To address this challenge, Hugging Face introduces the Agent Intelligence Body Ranking. The Leaderboard utilizes Galileo's Tool Selection Quality (TSQ) metric to evaluate the performance of different Large Language Models (LLMs) in handling tool-based interactions, thus providing a clear reference for developers.

: Hugging Face Agent Intelligent Body Ranking

Hugging Face built this ranking to answer the central question, "How well do AI intelligences actually perform in real business environments?" Academic benchmarks are important, but they focus on technical capabilities, while Hugging Face focuses more on which models are actually applicable to a variety of real-world use cases.

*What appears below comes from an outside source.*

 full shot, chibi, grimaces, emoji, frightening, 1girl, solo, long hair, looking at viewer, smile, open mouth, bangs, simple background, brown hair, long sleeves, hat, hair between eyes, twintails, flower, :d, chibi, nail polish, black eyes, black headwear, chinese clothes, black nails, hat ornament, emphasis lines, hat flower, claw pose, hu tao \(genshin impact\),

Unique Features of Hugging Face Agent Intelligent Body Assessment Leaderboards

Current mainstream evaluation frameworks usually focus on specific domains. For example, BFCL excels in academic domains such as math, entertainment, and education; τ-bench focuses on industry-specific scenarios such as retail and airlines; xLAM covers 21 data-generation domains; and ToolACE focuses on API interactions across 390 domains. Hugging Face's leaderboard is unique in that it integrates these datasets into a comprehensive evaluation framework designed to cover a wider range of domains and real-world use cases.

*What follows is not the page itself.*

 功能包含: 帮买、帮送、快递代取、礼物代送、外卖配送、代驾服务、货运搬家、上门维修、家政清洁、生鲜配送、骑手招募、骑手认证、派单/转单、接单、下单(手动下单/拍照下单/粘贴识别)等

By integrating विविध benchmarks and test scenarios, Hugging Face's leaderboards not only provide an assessment of a model's technical capabilities, but also focus on providing actionable insight into how the model handles edge cases and security considerations. Hugging Face also delves into multiple factors such as cost-effectiveness, implementation guidelines, and business impact - all of which are critical for organizations looking to deploy AI intelligences. With this ranking, Hugging Face hopes to help enterprise teams more accurately pinpoint the AI intelligences model that best meets their specific needs, taking into account the constraints of real-world applications.

Given the frequency of new Large Language Model (LLM) releases, Hugging Face plans to update the leaderboard benchmarks on a monthly basis to ensure that it stays current with rapidly evolving modeling technologies.

Key findings

Hugging Face's in-depth analysis of 17 leading Large Language Models (LLMs) reveals interesting patterns in the way AI intelligences approach real-world tasks. Hugging Face conducted comprehensive stress tests on both private and open source models across 14 different benchmarks, evaluating dimensions ranging from simple API calls to complex multi-tool interactions.

Large Language Model (LLM) Rankings

Hugging Face's evaluation results challenge traditional perceptions of model performance and provide a valuable practical reference for teams that are building AI intelligences.

Key Findings from Agent's Intelligent Body Rankings

Complexity of tool calls

The complexity of tool invocation goes far beyond simple API calls. In practice, AI intelligences face many complex scenarios and challenges in tool usage, and need to make precise decisions:

scene recognition

When an intelligent body receives a user query, its first task is to determine whether tool invocation is required. Sometimes, the required information may already exist in the dialog history, making tool invocation redundant. In addition, the available tools may not be sufficient to solve the user's problem or may be irrelevant to the task itself. In these cases, the intelligences need to be able to recognize their limitations and inform the user honestly, rather than forcing the use of inappropriate tools.

Tool Selection Dynamics

Tool selection is not a simple "yes" or "no" binary problem; it involves precision and recall. Ideally, an intelligent body should be able to accurately recognize all necessary tools while avoiding the selection of irrelevant tools. However, the reality is often more complex. An intelligent body may correctly identify one necessary tool but omit others (insufficient recall), or incorrectly select some unnecessary tools while choosing the appropriate ones (insufficient precision). While neither case is optimal, they represent different degrees of selection bias.

parameter processing

Even if an intelligent body successfully selects the right tool, parameter processing may still introduce new challenges. Intelligent bodies must:

Provide all required parameters and make sure they are named correctly.
Proper handling of optional parameters.
Ensure the accuracy of the parameter values.
Format the parameters according to the specific specification of the tool.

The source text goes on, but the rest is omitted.